Mullah Fazlullah – also known as Mullah Radio for his sermons broadcast through his illegal FM radio stations – has long been exhorting people to stop sending their daughters to schools, which “inculcate Western values”. Hundreds of girls and women teachers have quit schools as a result.
The militants have also prohibited immunisation for children against polio – claiming that the UN-sponsored vaccination drive is aimed at causing sexual impotence – causing a sharp rise in cases of the disease.
Since the start of the government offensive, girls’ schools have been targeted increasingly by Islamic fundamentalists. The district has 842 boys’ and 490 girls’ state schools for 300,000 children aged 3 to 9; only 163,645 boys and 67,606 girls are actually enrolled at state and private establishments, according to official figures.

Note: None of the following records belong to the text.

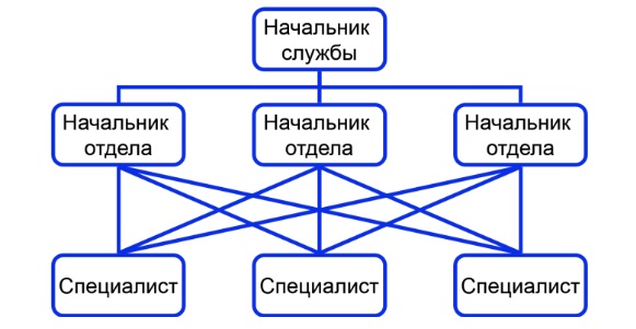 Тогда структура принимает такой вид: каждый специалист нижнего уровня подчиняется руководителю вышестоящего уровня. Но только в разовых задачах, которые не требуют большого количества ресурсов.
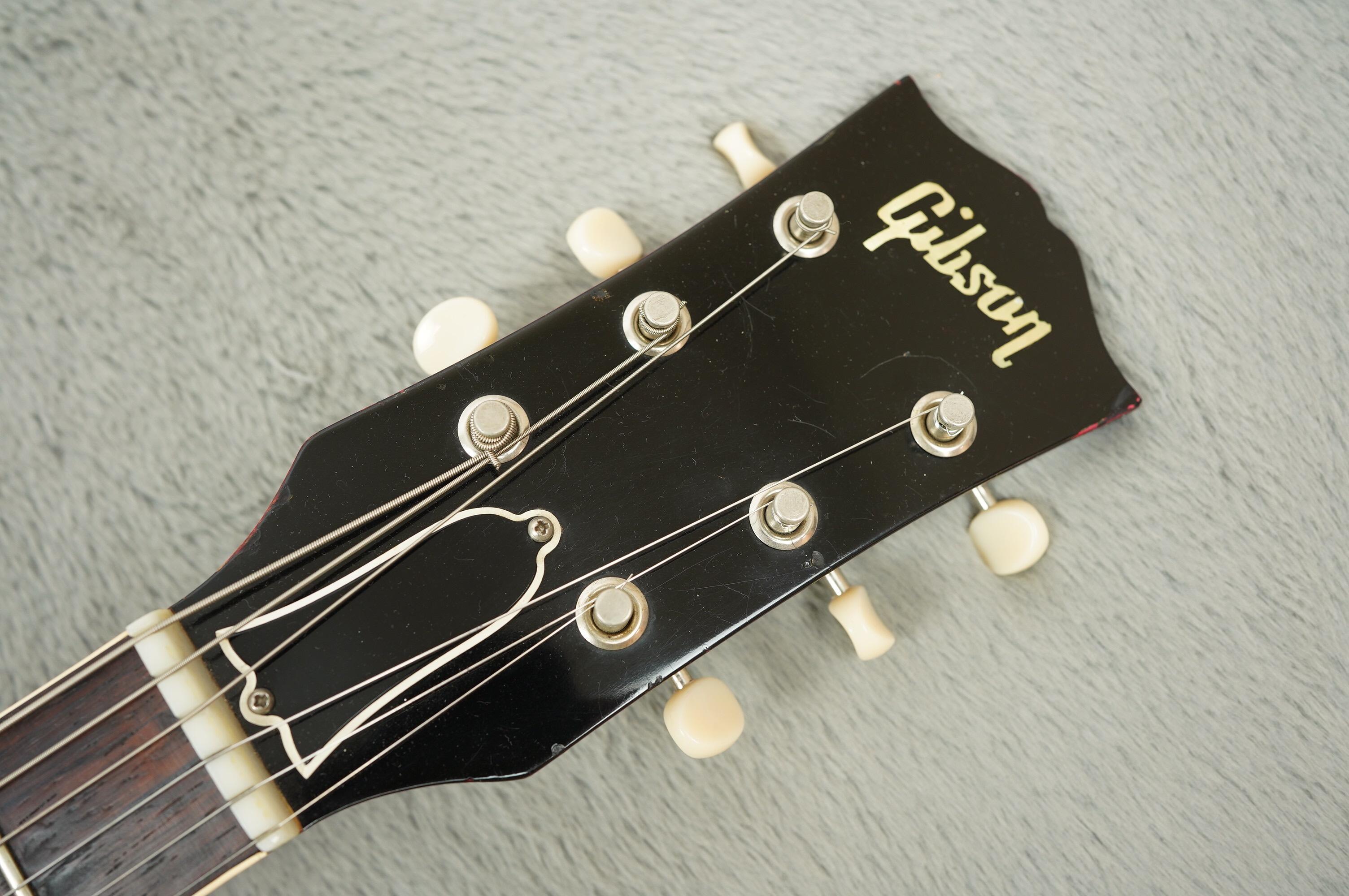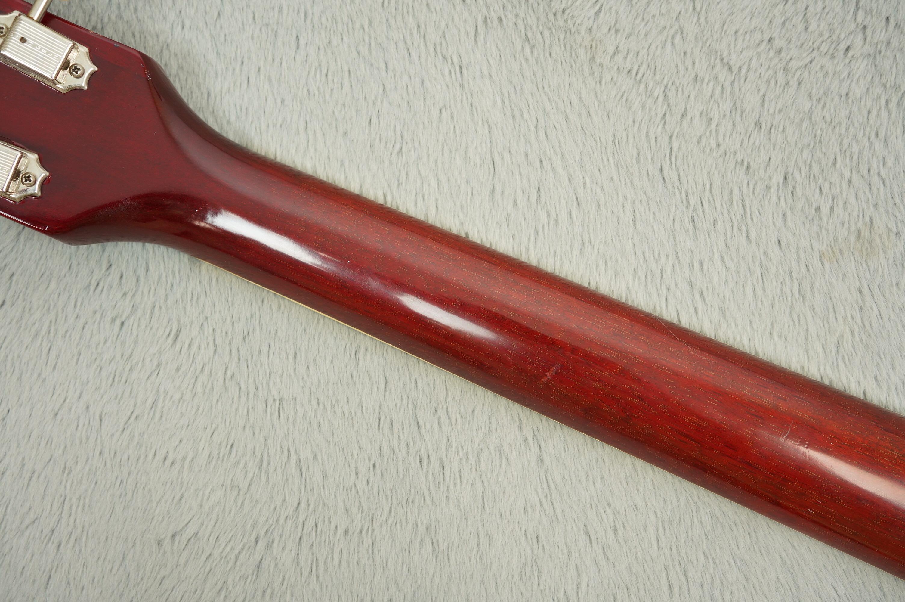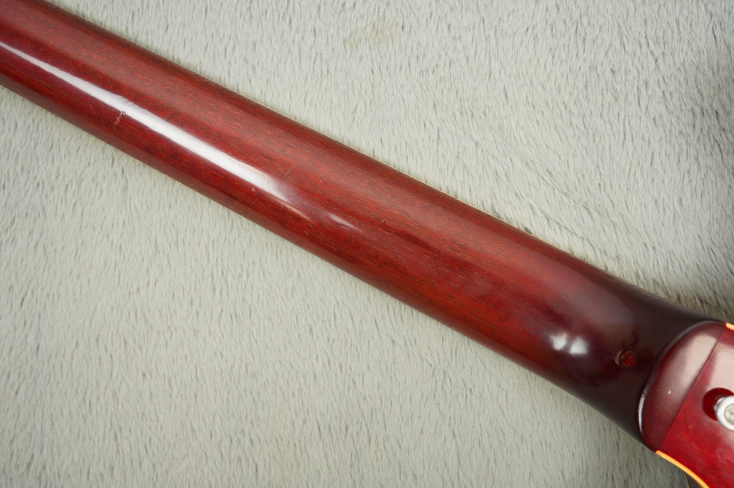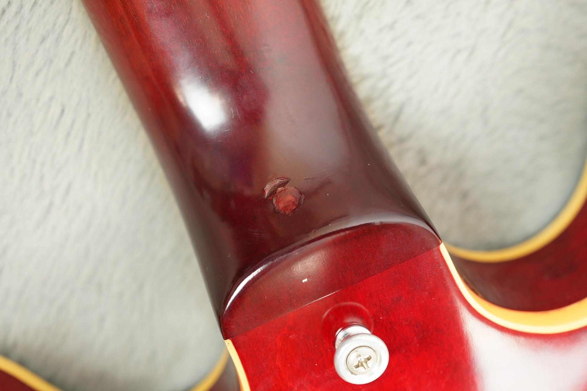 The finish is vibrant and beautifully preserved, and overall it's a superb looking example! The original tuners are retained in the case while some like for like repro's have been brought in for stability with no extra holes drilled. There's a plugged strap button hold on the heel but the rest is nicely stock, including the Nickel trapeze tailpiece, reflector knobs, and electrics.
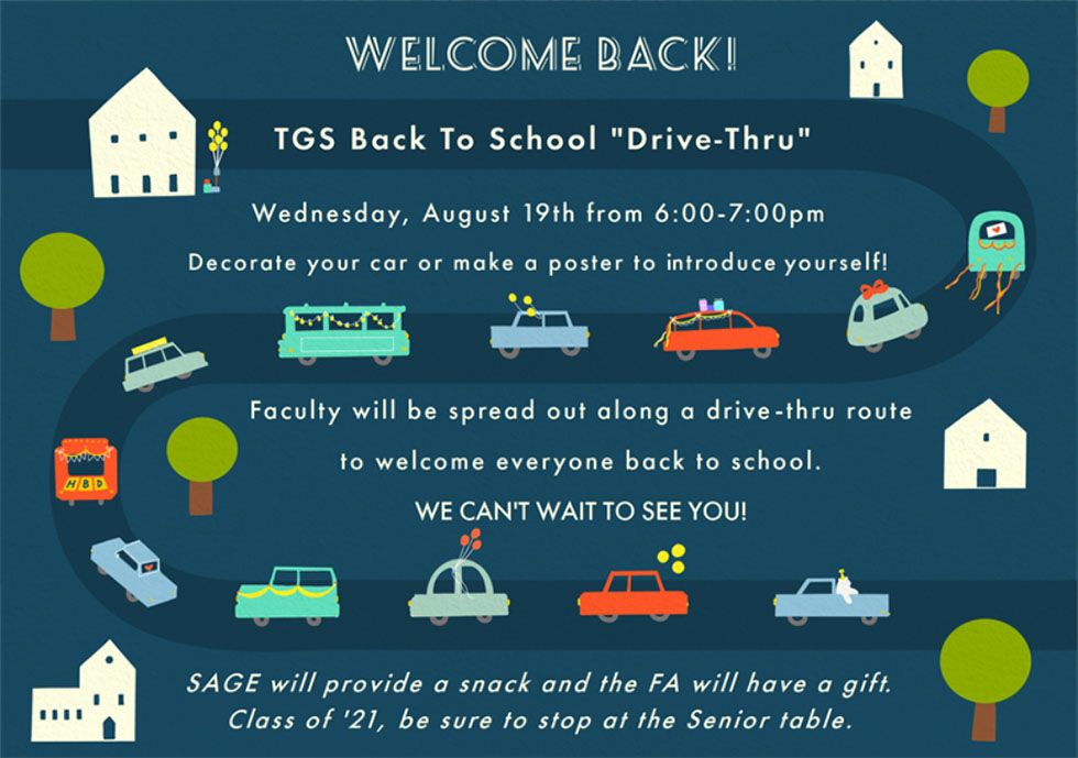 Thank you! By now you have received a separate invitation to join us for a “Welcome Back Parade” on campus next Wednesday evening, August 19th, from 6-7 p.m. Our intent is to provide a fun activity for you and your children—teachers will be present along the parade route introducing themselves to you in a myriad of creative ways. We’ll have stops along the way, including a gift from our Family Association and from SAGE, our food service provider. The class of 2021 should be sure to stop by the senior table for a surprise. You are welcome to put a sign on your car introducing yourselves, but please don’t feel any obligation to do so. The only rules are to drive slowly, safely, and stay in your car. Staff members will be directing traffic to ensure everyone’s safety as well.

According to the local authorities, 50 per cent of girls have stopped attending school because of the militants’ threats. Hazir Gul, a teacher, said that the inability of the authorities to provide protection against attacks had emboldened the Islamists. “Militants can burn the remaining schools whenever they want,” he said. In some areas state school buildings have been turned into madrassas, or religious seminaries.
Attacks on girls’ schools are not confined to the Swat district. In the past two years another 100 schools have been burnt down in Waziristan and other tribal areas, leaving tens of thousands of children between the ages of 5 and 15 with no access to education.
In many areas hardliners have established Sharia, or Islamic law, setting up their own courts and introducing public executions for those who break it. This month militants killed a pro-government cleric and hung his body up in Mingora, the main town of Swat, in full view of the Pakistani military and the local administration.